Curating Under Pressure

In this presentation, Janet Marstine leads a discussion around her co-edited book, Curating Under Pressure (Routledge 2020). Marstine gives evidence of curators’ political acumen, ethical sagacity, and resilience over the long term. She also challenges the assumption that self-censorship is something to be avoided at all costs and suggests that a decision to self-censor may sometimes be politically and ethically imperative. Her argument serves as a corrective to the assumption that censorship pressures render practitioners impotent. It demonstrates that curatorial practice under pressure offers inspiring models of agency, ingenuity, and empowerment.

Curating Under Pressure is the first book to look at pressures to self-censor and the curatorial responses to these pressures from a wide range of international perspectives. Curating Under Pressure breaks the silences surrounding curatorial self-censorship and shows that it is both endemic to the practice and ubiquitous, despite the freedom of speech guaranteed by the First Amendment (1791) to the US Constitution and the UN Universal Declaration of Human Rights (1948) more globally. Chapters, including Janet’s own which examines the Hong Kong and mainland China context, map the diverse forms such self-censorship takes and offer creative strategies for negotiating curatorial integrity.


About the Presenter

Janet Marstine is Honorary Associate Professor of Museum Studies (retired), University of Leicester, UK, and is currently an independent scholar based in Yarmouth, Maine. She writes on diverse aspects of museum ethics from curatorial ethics to negotiating the pressures of self-censorship to artists’ interventions as drivers for ethical change. Marstine is the author of six books including Routledge Companion to Museum Ethics (Routledge 2011); Critical Practice: Artists, Museums, Ethics (Routledge 2017); with S. Mintcheva, Curating Under Pressure: International Perspectives on Negotiating Conflict and Upholding Integrity (Routledge 2020); and with O. Ho Curating Art (Routledge 2022).
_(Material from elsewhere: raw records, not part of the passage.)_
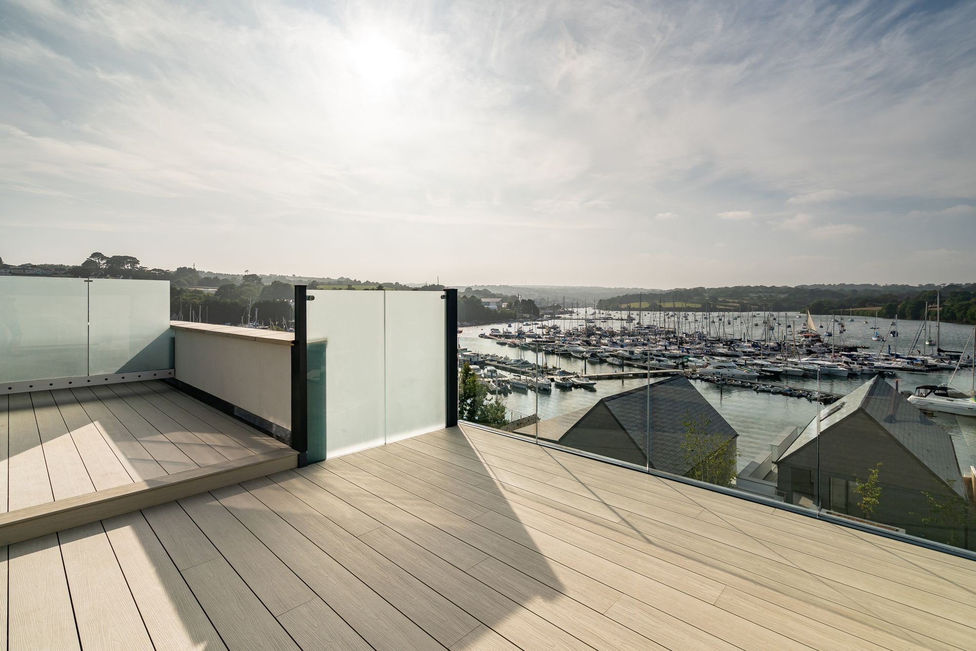 The largest balcony in the building with space for outside dining, providing privacy with obscure glass to the side aspect. The most incredible views towards Penryn River, Falmouth Marina and the countryside beyond. It’s breathtaking when first stepping out onto the large terrace and admiring the 180-degree panoramic views. Further features include composite decking, glass balustrade, outside sockets and lighting.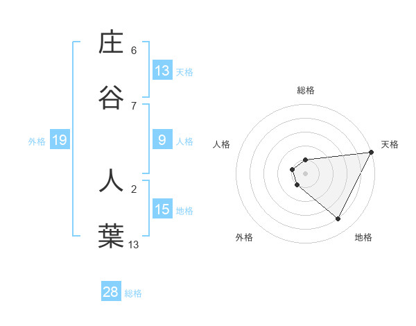 庄谷 人葉さんの天格は13画の5点!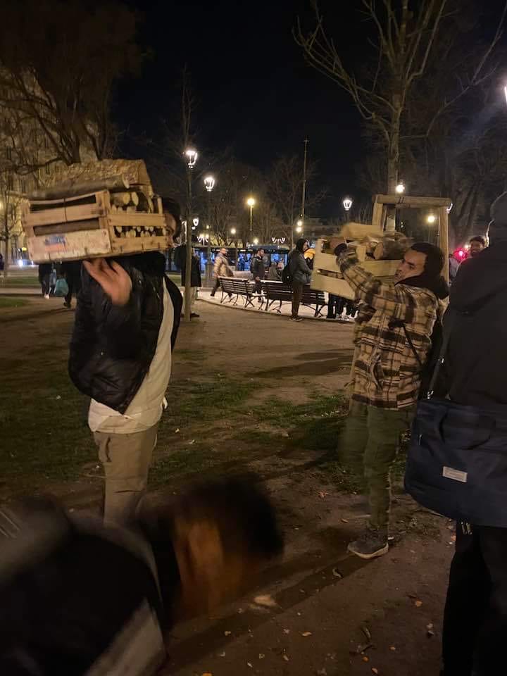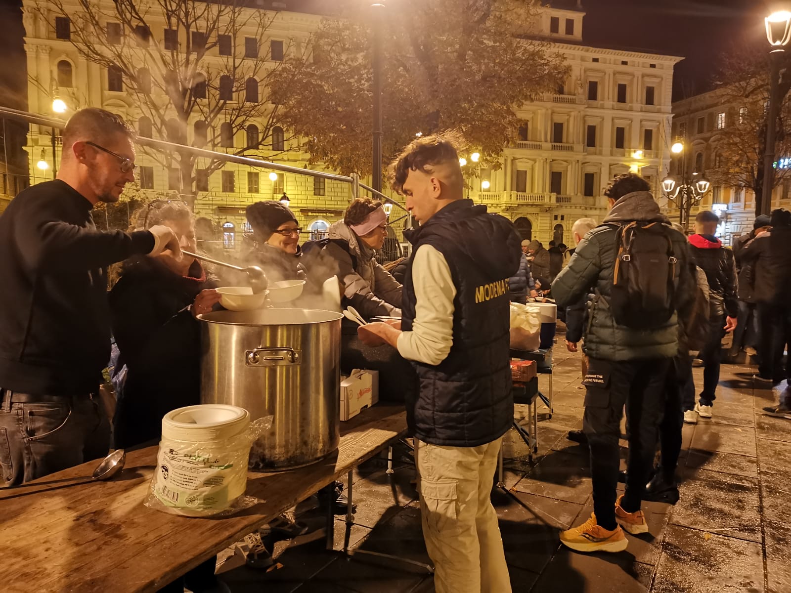 C’è chi procura vestiario, chi il cibo in grandi quantità, chi si da da fare in cucina, chi porta la legna e recupera l’abbigliamento pesante, chi organizza la trasferta, chi va fisicamente a Trieste a portare e distribure il cibo nei giardini di piazza della Libertà, a pochi passi dalla stazione ferroviaria, dal vecchio porto e dal famigerato “silos”, il grande edificio (di proprietà privata) abbandonato e che sorge a fianco della stazione ferroviaria dove dormono sotto tende di fortuna e in mezzo ai topi e alla sporcizia (e se piove, all’acqua) i migranti della rotta balcanica in arrivo dalla Slovenia: a volte sono poco più di cinquanta, più spesso duecento e oltre.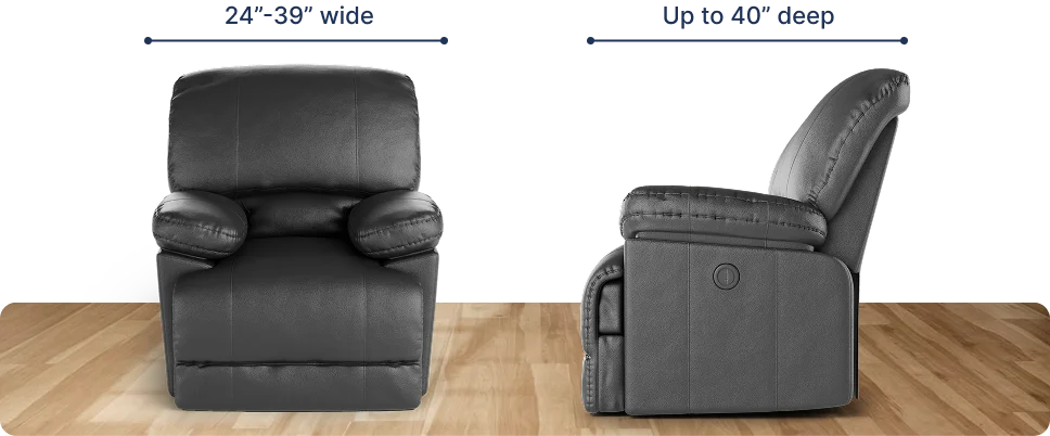 The fitting range for our recliner covers is between 24" and 43". To ensure that our cover will fit your piece, the widest width of your recliner should fall within this suggested fitting range. For our covers to perfectly work with your furniture, the following requirements should also be met: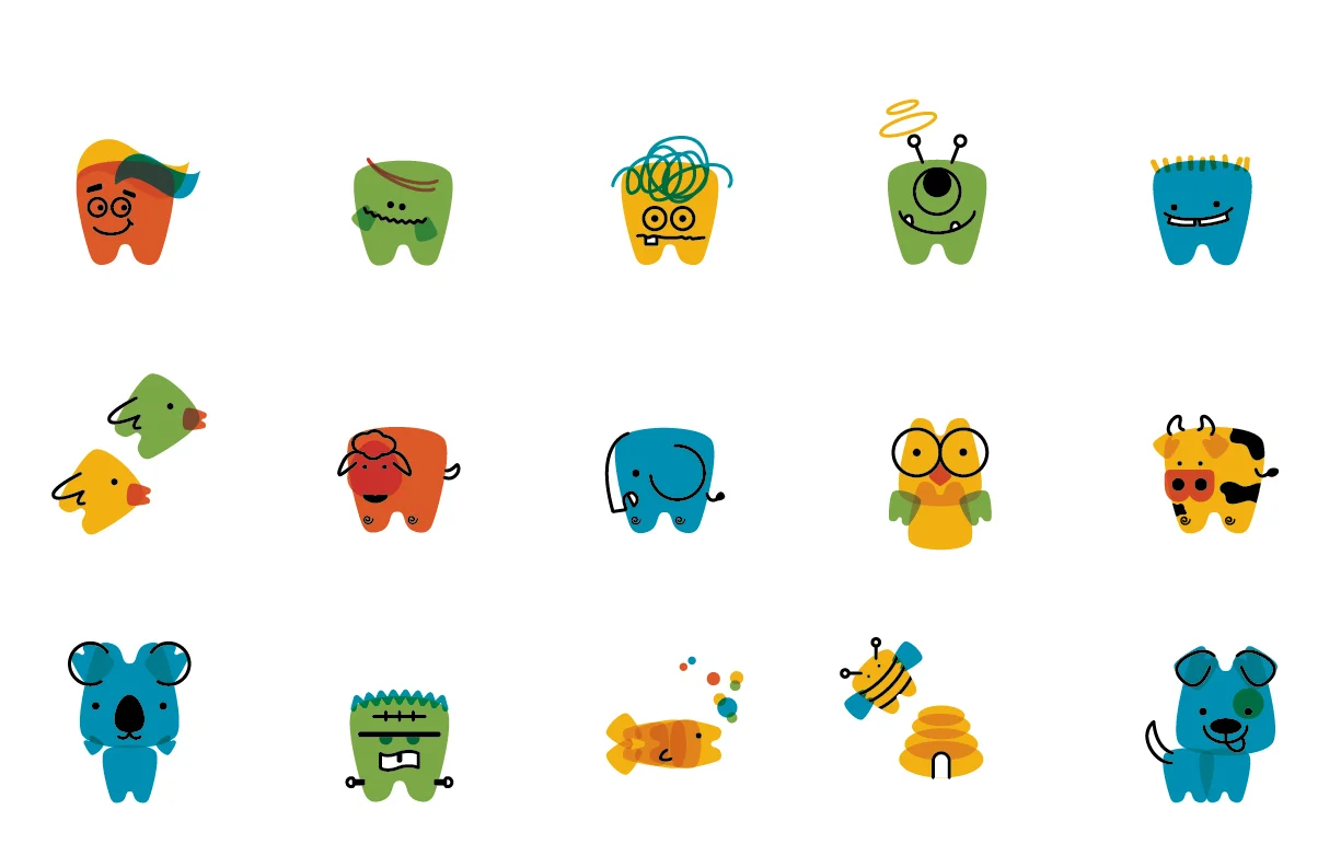 As the foundation of the brand identity system, I created 50+ icons and graphics. In addition to the tooth shape, I introduced "dental floss" line work in black, and simple shapes like toothpaste hair.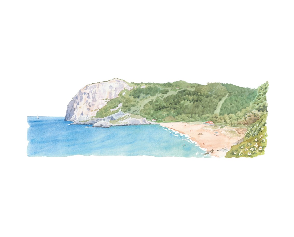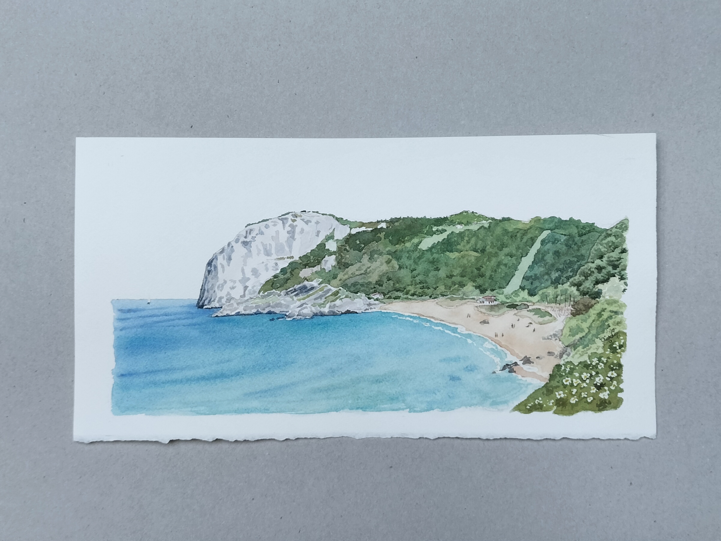 Acuarela Laga y Ogoño original de Elena Ciordia. Elena Ciordiak eginiko akuarela. Watercolor by Elena Ciordia.

To support her research, conducted internationally, in the US, UK, Europe, mainland China and Hong Kong, she has received grants from the Institute for Museum and Library Services (US), the Arts and Humanities Research Council (UK), and the British Academy. In 2018 she was a Senior Research Fellow at Fudan University in Shanghai. 

Dr. Marstine has a particular interest in recognizing and supporting the agency of practitioners to make informed ethical decisions. She has done ethics consulting with institutions from the National September 11 Memorial Museum—on collections policy—to the Royal Air Force Museum—on sponsorship. She sat on the Ethics Committee of the UK’s Museums Association from 2014-2019, helping to move their approach from one of policing to empowerment. Presently, she sits on the Board of the First Amendment Museum.